Some experts say the next bitcoin halving will be a big upside. The bitcoin halving event, which takes place every four years, occurs when the reward for mining bitcoin transactions is halved. This slows the rate at which new coins are created and as a result tends to push bitcoin’s price up. It’s not an exact science, but the current estimate is that the next halving will occur in early to mid-2024.

“People always joke that crypto has been declared dead a thousand times by the media, and every time it comes back,” Kline said. “We will see all time highs again, this is the nature of crypto.”

What should crypto investors do right now?

Whether you’re a current investor or looking to get started with crypto, now is a good time to do some homework

FTX’s implosion highlights the risks of investing in the crypto market and serves as a good reminder to carefully read and understand the terms of service and user agreements of your exchange and wallet.

If you don’t have a crypto wallet, now might be a good time to consider getting one. Cold wallets are usually the safest option, as they hold your tokens on hardware that is not connected to the internet. In contrast, hot wallets are available online, which means they are more vulnerable to cyber attacks.
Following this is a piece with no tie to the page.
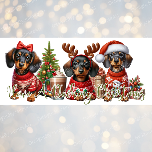 Christmas Dachshunds "Have a Daching Christmas" Digital Download 16oz UV DTF Transfer Wrap PNG Image

Experts recommend that you only dedicate 3-5% of our investment portfolio to crypto and only invest what you are okay to lose.

If you haven’t entered this market yet, but are thinking about it, now is a good time to get to know the various ecosystems, the technology that powers crypto, and the new and exciting projects in the pipeline, including NFT, web3, and metaverse.

“It’s a wonderful time to take the time to invest in education and space, to make sure you’re comfortable, and to decide what level of cryptocurrency investment is right for your financial situation and for your timeline,” Fadirepo said. “It’s a great time to decide if bitcoin is right for you…bitcoin is on sale.”